Berbeda dengan yang lainnya, terlihat tiga cewek yang sedang berbincang-bincang serius di taman. Mereka sangatlah serius mengobrol hingga lupa untuk mengisi perut.
"guys!!" seru Y/N dengan tatapan tajam dan raut muka serius.
"nape nih muka lu serius amat?" tanya Jennie yang penasaran.
"Gue pacaran sama Wonwoo." jujur Y/N kepada kedua sahabatnya yang memang belum mengetahui kabar ini.
"Apaa?!?!?!?!" sahut duo J 'Jennie Jisoo bersamaan'
"kapan? kok lo ga ngasih tau kita?"
"sekitar seminggu yang lalu, ini gue ngasih tahu."
"Seminggu? kok baru ngasih tahu sekarang? selama ini kita lo anggep apa?!" sentak Jisoo tidak terima.
"Ga usah ngegas bambank!! biar Y/N ngejelasin dulu." tegur Jennie pada Jisoo yang kaget seperti tidak terima dengan apa yang dikatakan Y/N.
"Maafin gue yahh... jadi gini-"
Satu hari setelah tragedi baku hantam antara Mingyu dengan Wonwoo.
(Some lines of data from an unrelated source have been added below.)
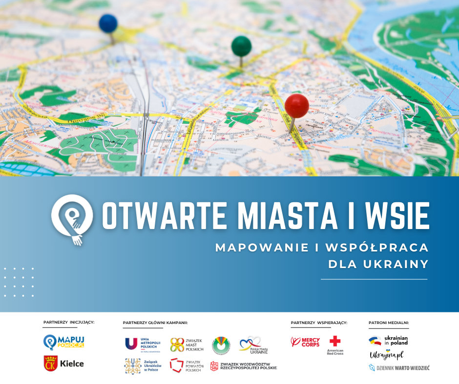 Otwarte Miasta i Wsie to projekt łączący działające w całym kraju organizacje, ośrodki pomocy i urzędy. Jego celem jest wsparcie merytoryczne osób mających bezpośredni kontakt z uchodźcami oraz wspólny rozwój narzędzia Mapuj Pomoc, organizującego ogólnopolską bazę punktów pomocowych. Cykl spotkań rusza 18 kwietnia 2023 w Kielcach. Kolejne odbędą się m.in. w Warszawie, Rzeszowie, Krakowie, Lublinie czy Gdańsku.
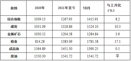 10月,政策发力,煤价下跌,在煤炭资源依旧偏紧的大背景下,下游抓紧补库,运输需求释放,带动其它货种市场运价一起上涨,沿海散货运输市场运价呈上行趋势。10月29日,上海航运交易所发布的沿海(散货)综合运价指数报收1435.10点,较上月同期上涨15.3%,月平均值为1415.91点,较上月上涨8.2%。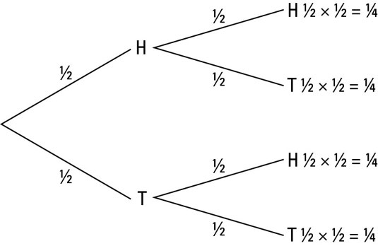 For any overall outcome (HH, HT, TH, TT) you can then use the general multiplication rule to calculate the probability of the outcome of two independent things as being the probability of the first multiplied by the probability of the second. In tree form, that’s starting at the left, following the relevant branches, and multiplying the probabilities together. So for this example: 0.5 * 0.5 = 0.25, or 25%.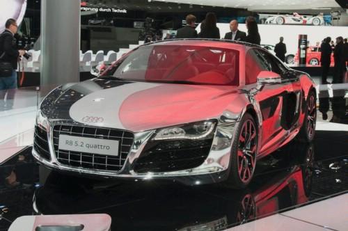 Хромът по джантите в днешно време е нещо обичайно и дори задължително за един горещ автомобил. В Audi обаче явно считат, че хромираните колела не са достатъчни и дори излишни, особено когато вместо с обикновена боя колата е покрита с хром.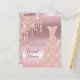 Elegant, classic, glamourous and girly style bridal shower invitation. A rose gold dress with faux rose gold glitter drip. Dark rose gold faux metallic looking background. With the text: Bridal shower on front written with a modern dark rose coloured hand lettered style script.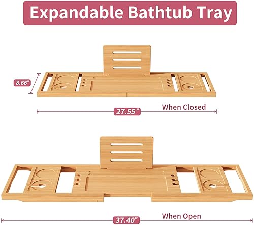 Adjustable and Sturdy Design: This versatile bath table tray is expandable from 28.5" to 41", ensuring it fits most bathtubs. No tools are needed for adjustment, and non-slip silicone grips keep the tray securely in place, making it a perfect addition to your bathing routine.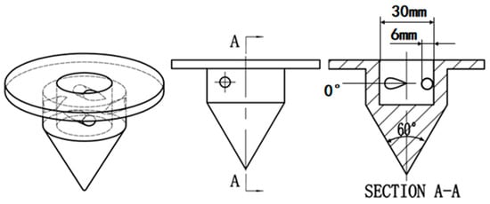 CFD modeling and numerical simulations were carried out to investigate the mixing and diffusion combustion characteristics of the oxidizer with gasified fuels in HRMs. This CFD modeling and analysis will then guide the optimization of the motor design based on the improvement of both the regression rate and combustion efficiency. The swirl injector creates an additional tangential velocity component besides the axial one related to the convention showerhead injectors in HRMs. This, in turn, enhances the mixing and heat transfer. Therefore, a swirl injector with four holes was used in this work to create enough swirl intensity for the oxidizer flow. The structure of the considered swirl injector is shown in Figure 1.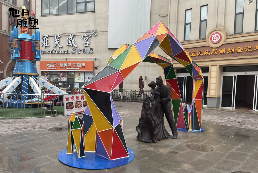 不銹鋼雕塑是在傳統(tǒng)石雕的基礎(chǔ)上發(fā)展起來的一種新興雕塑種類,因?yàn)槠涮赜械拿髁痢⒒顫?、不易污染、與現(xiàn)代都市生活相符等特點(diǎn),已經(jīng)逐漸被大眾接受,在市場(chǎng)上所占的份額越來越大,逐漸有超過傳統(tǒng)石雕的趨勢(shì);生活中我們到處可以見到不銹鋼雕塑,咖啡館、酒店、餐廳等都充分利用其裝飾作用,給整個(gè)大環(huán)境起了很大的烘托作用。它整體的光感很強(qiáng)不容易隨壞而且有整體感覺。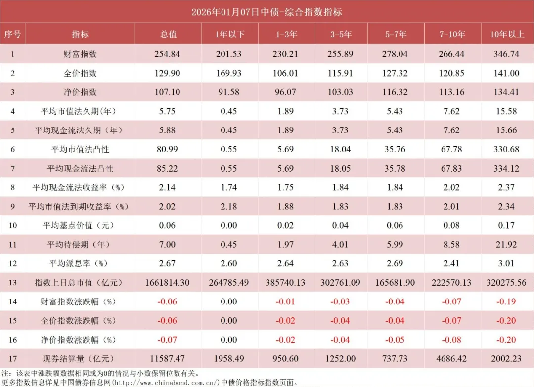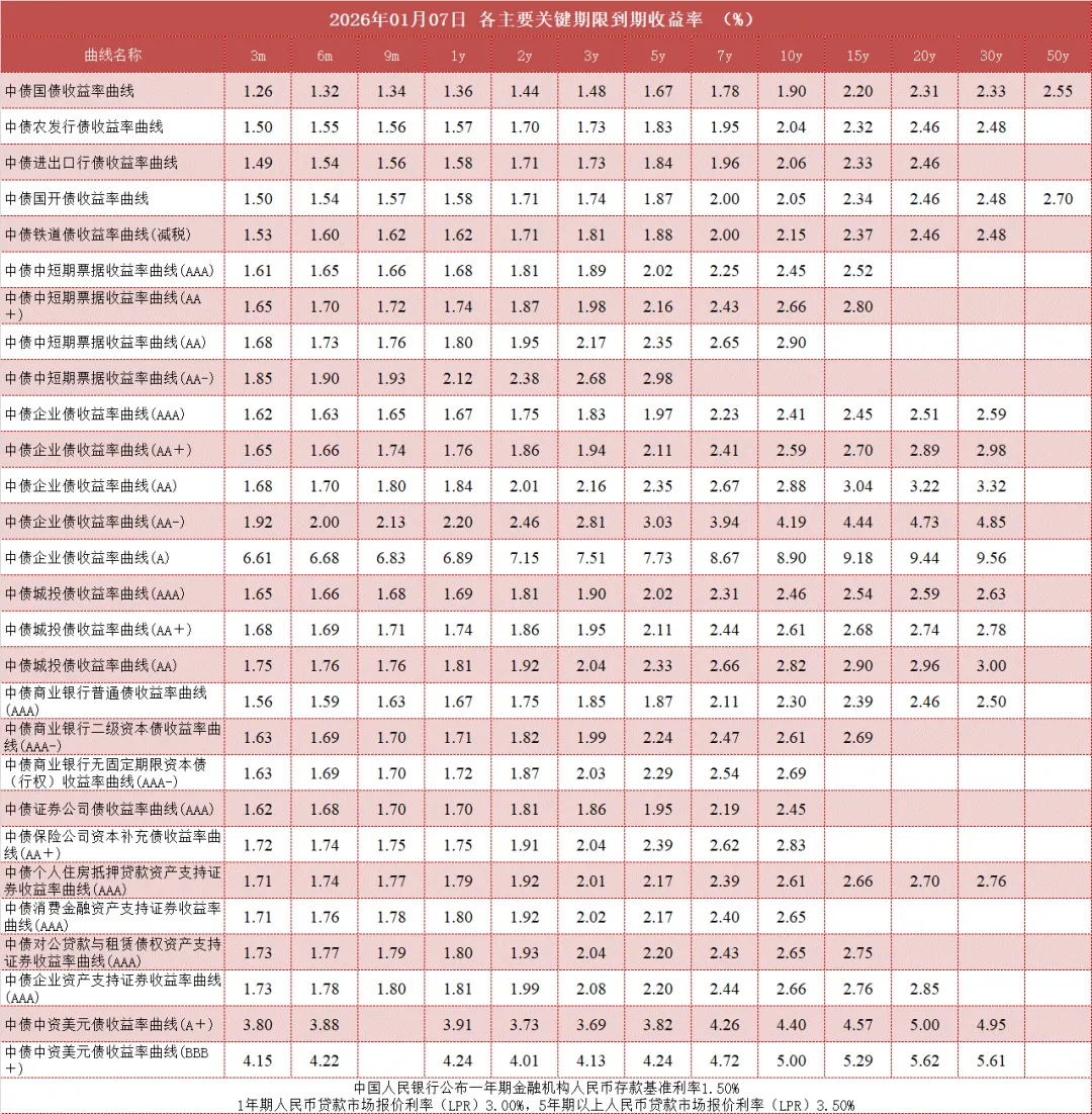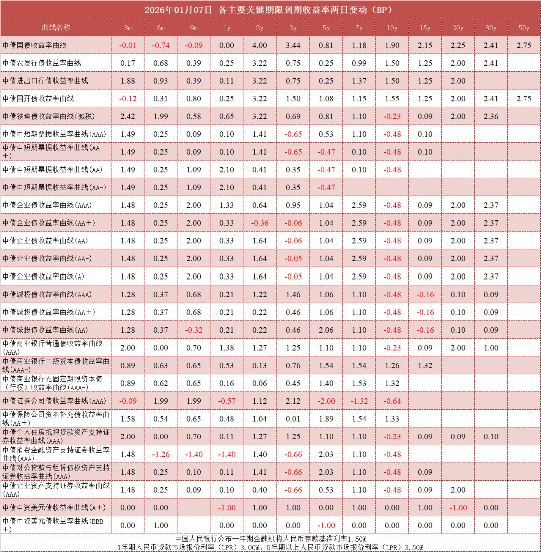 债市值言:中债收益率曲线和指数日评2026年1月7日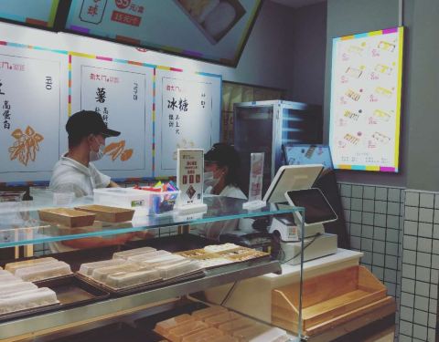 这里的糕点是在透明的玻璃房内制作,食客可以欣赏到烹饪的全过程。为了追求正宗的口感,都是现做现卖,保证品质。招牌的红豆切糕散发着浓郁的香味,口感软糯。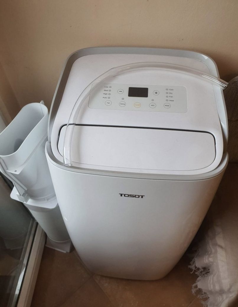The mobile air conditioner shown in the picture is for sale, which can be used to cool and heat. The device is actually in new condition, we have switched it on 3 times. We installed an air conditioner with a home renovation grant, so we don't need it anymore.
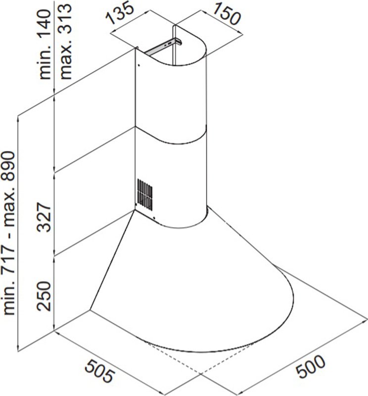 Настенная, купольная кухонная вытяжка, ширина 50 см, тип очистки воздуха: рециркуляция, отвод, количество скоростей 3, макс производительность 240 м3/ч, ползунковое управление, металлический жироулавливающий фильтр, угольный фильтр приобретается дополнительно, макс уровень шума 64 дБ.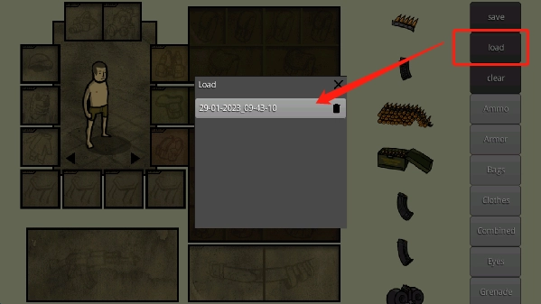 5、打开“load”,选择之前保存的存档,就能快速生成搭配了。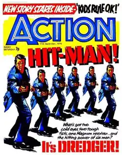 "Dredger" is a British comic action story published in the weekly anthologies Action and Battle Action from 14 February 1976 to 7 October 1978 by IPC Magazines. The strip focused on the eponymous, uncompromising secret agent and his partner Breed, featuring self-contained stories that featured Dredger getting out of lethal situations with an innovative and violent approach.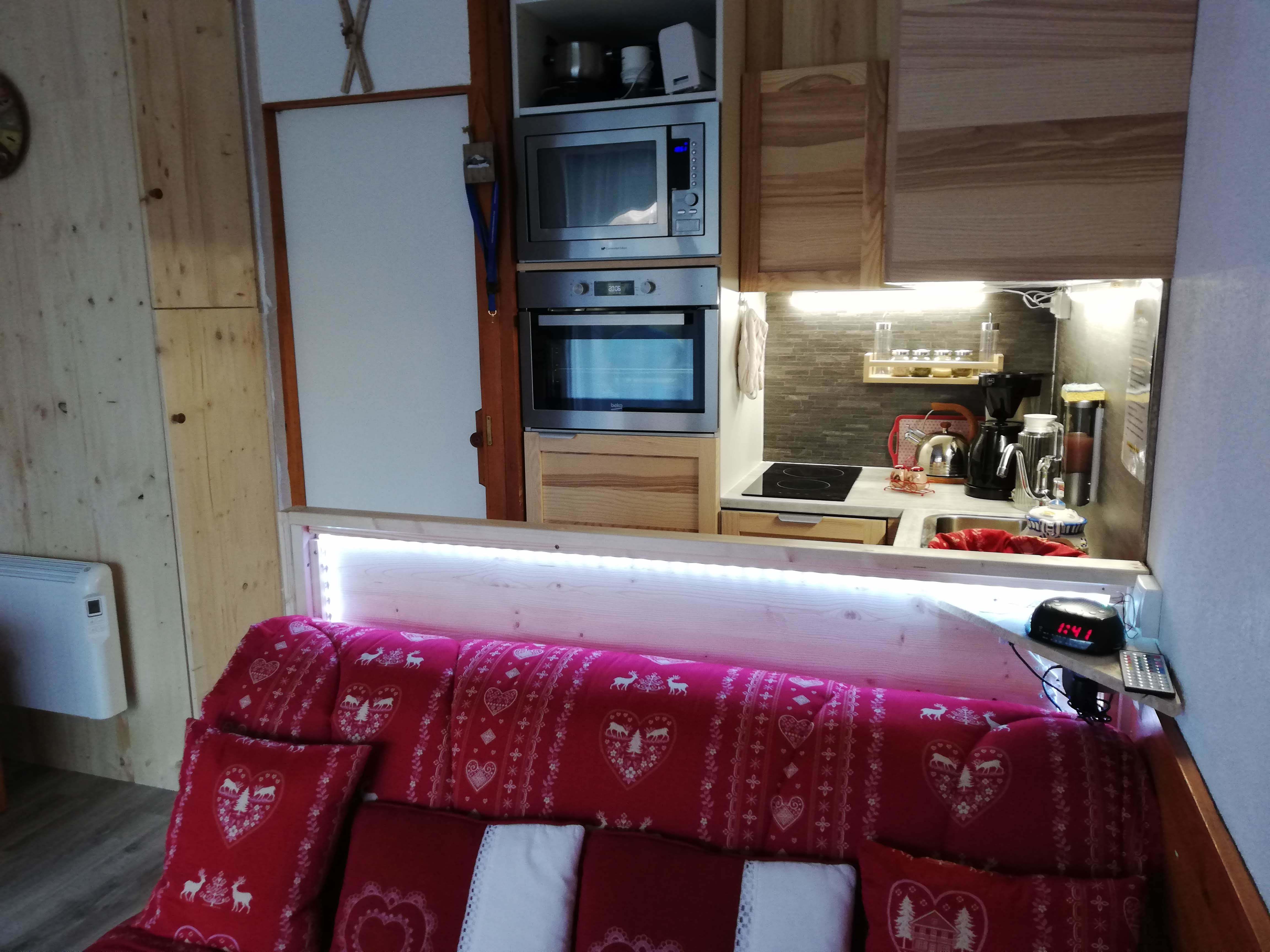 Coin cuisine dans le séjour. 2 feux électriques. Four et micro-onde. Blender chauffant. Réfrigérateur avec bac congélateur, lave-vaisselle.

Entah kenapa Y/N sangat merasa terpukul. Dia merasa semua ini salah nya, terutama Wonwoo. Gara-gara dia, Wonwoo jadi terluka. Sifat Mingyu yang dianggap egois dam seenaknya sendiri membuat Y/N semakin membencinya. Lebih tepatnya Y/N benci dengan Mingyu karena sampai sekarang di masih mencintai Mingyu.
FLASHBACK.
Hari sudah mulai gelap. Tugas Matahari pun sudah digantikan oleh bulan. Keindahan kota Seoul begitu terpancar dengan gemerlap lampu gedung pencakar langit serta keramaian kotanya. Angin yang tidak terlalu dingin menambah suasana santai menikmati Lukisan Tuhan.
Suara bising kendaraan membuat lamunan Y/N sedikit pecah. Dia berfikir, apakah melupakan Mingyu adalah solusi yang tepat untuk melindungi Wonwoo atau tetap mengharapkan Mingyu dan membuang kesempatan membalas Wonwoo?
Y/N sedang berada ditaman kota bersama seseorang untuk memenuhi janjinya tadi siang.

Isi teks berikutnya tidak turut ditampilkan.